気づけは冷たい床の上に縛られて転がされていた。
辺りは暗く、窓のない室内もしくは地下か何かだと思われる。
「おい、起きろ。」
「貴様ら……っ!」
「威勢がいいねぇ?!小悪魔ちゃん??」
「あ~、この破れたエロタイツがそそるよなぁ~。」
「待てって。ここでの淫行は不味い。それに指示を受けてからだ。……まぁ、処分は任されるだろうけどな。」
「違いない……。」
レティシェルは黙って状況把握に努めた。
どことなくカビ臭さが漂うこの場所は恐らく地下だろう。
少し顔を動かして見えたのは鉄格子か…。
だとしたらどこかの屋敷の地下牢と言ったところだろう。
気を失ってはいたが、そこまで体感時間は狂っていない。
どこか遠くに連れて来られたというより、近場の屋敷の地下に運び込まれたと考えた方がいい。
体の自由は効かない。
縛られているからと言うのもあるが、魔封じをされているのは明らかだ。
部屋全体に結界が張られているが、さして強いものではない。
「……なるほど。縄の方か……。」
レティシェルは冷静に呟いた。
それを暴漢の一人が聞き取った。
「ほう?わかるかい?かわい子ちゃん??」
「流石は勇者を貶めただけはあるなぁ~。」
「……私はアイツを貶めてなどいない。勝手に付きまとわれているだけだ……。」
「言うねぇ~!!」
レティシェルの言葉を彼らは嘲笑した。
それを気にする事なく状況把握を続ける。
だんだんわかってきた。
おそらくここは、聖堂の地下牢だ。
場所自体がレティシェルに不利に働いている。
聖堂に地下牢があるなど公にされている事ではない。
だが、そう言った場所にこそ、そういうものがあったりするものだ。
パレードで街の中を巡っていた時の事を思い出し、頭の中で地図を作っていく。
勇者達と別れたパレード待合い場所とは少し距離がある。
だいいち、ここは地下牢だ。
聖堂のあった場所と完全に一致するとは限らない。
だが聖堂の力が及んでいる範囲内にあるのは間違いない。
「その縄は、シスターになる為に切られた純血の娘達の髪で作られ、日々、聖めと祈りが捧げられた強力な魔封じの縄だ。」
「……これに縛られても意思がはっきりしていて話ができるんだから、淫魔程度の小者じゃないな?」
「……………………。」
「まぁいいさ。そう言った質問は俺達がする事でもなかろう。」
確かに縄は魔族のレティシェルにとっては厄介な代物だった。
抵抗を示せばそれだけ物理的にも破魔的にも拘束がキツくなる。
だからレティシェルは抵抗せずに様子を見ていた。
この程度、とも思う。
人に化けている状態では少し厄介だが、フェンリルに戻ればすぐにでも逃げ出せるだろう。

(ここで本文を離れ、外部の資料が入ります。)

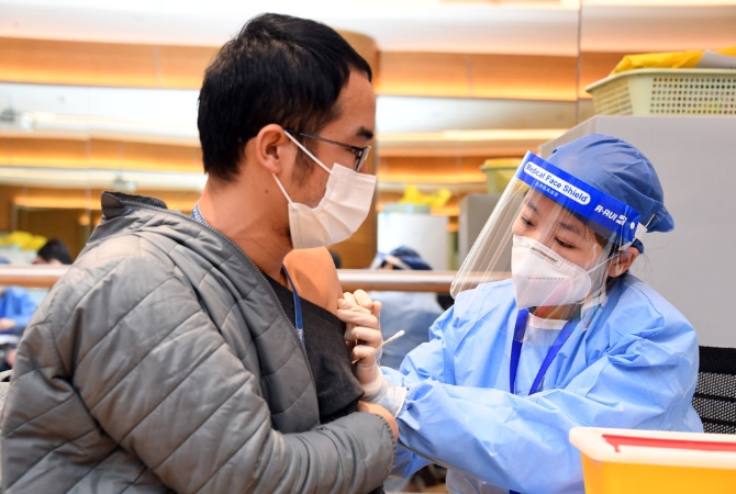 2月22日,在北京市海淀区中关村软件园二期一家企业内的临时接种点,医务人员为企业员工接种新冠疫苗。新华社记者 任超 摄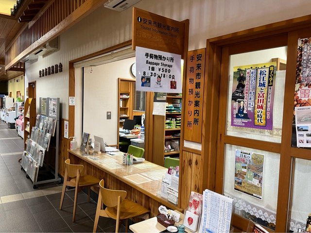 下車馬上把大行李推去出站右轉的觀光案內所寄放(一件500円、18點前要領取);車站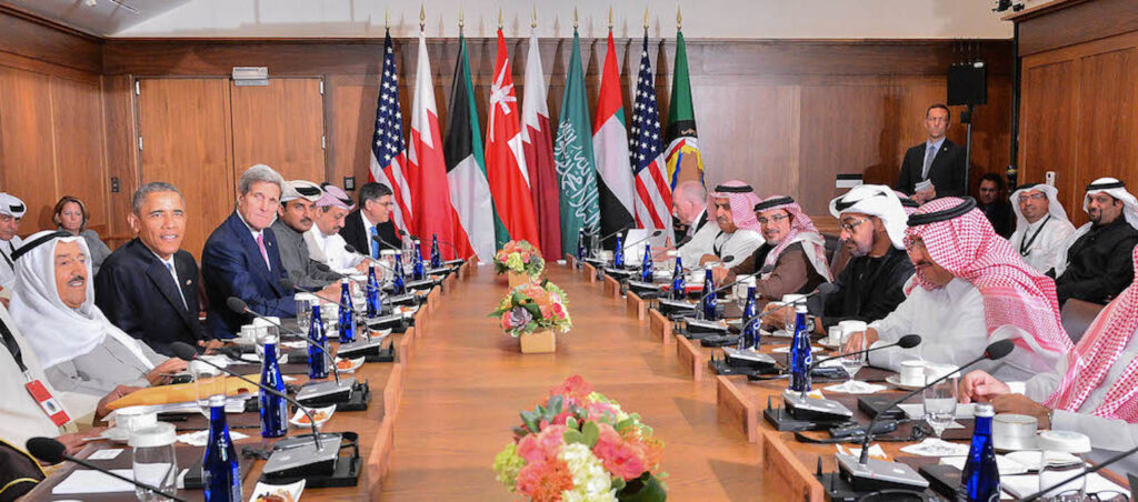موضحاً سموه بأن تحقيق الأمن والسلام بمنطقة الشرق الأوسط وما يمثله من أهمية استراتيجية وحيوية وتأثير بالغ يستلزم جهوداً مخلصة من جميع الأطراف. وفي هذا الصدد أكد سموه بأن وضع الملف النووي الإيراني ضمن جدول أعمال اجتماعات كامب ديفيد يأتي وفق مساعي دول مجلس التعاون لدول الخليج العربية التي أكدت مراراً على أهمية النأي بالمنطقة عن التسلح النووي وضرورة الاستخدام الأمثل للطاقة النووية للأغراض السلمية. مشيراً إلى أن مملكة البحرين تتطلع بأن يساهم الاتفاق الإطاري حول الملف النووي الإيراني في تحقيق تطلعات شعوب المنطقة من حيث حسن الجوار وعدم التدخل بالشؤون الداخلية واستدامة السلام وأمن الطاقة.

相手もまさか捉えたモノが魔獣の頂点たるフェンリルだとは思っていない。
だからそこまでの用意はないのは明白で、聖堂の地下で魔封じの縄をつけられているとはいえ、元の姿に戻れば逃げ出す事は難しくない。
だが、とレティシェルは思った。
もしもここで自分がフェンリルの姿に戻り、街の聖堂を壊して逃げ出せば、人間社会と魔族の間に要らぬ緊張を生み出す事になる。
それは勇者の望む世界を作る妨げになるばかりでなく、勇者の信用問題に関わってしまう。
レティシェルをパレードに…この街に招いたのは勇者なのだから……。
それは絶対に避けなければならない。
人間社会というのは、ある意味、魔界よりも陰湿だ。
魔族は基本的には自分の欲求のままに生きているので建前など気に求めない分、正直で嘘がない。
けれど人間社会は建前が第一で、個人の欲求は二の次であり、それを犠牲にする事に賞賛すら与えられるような社会なのだ。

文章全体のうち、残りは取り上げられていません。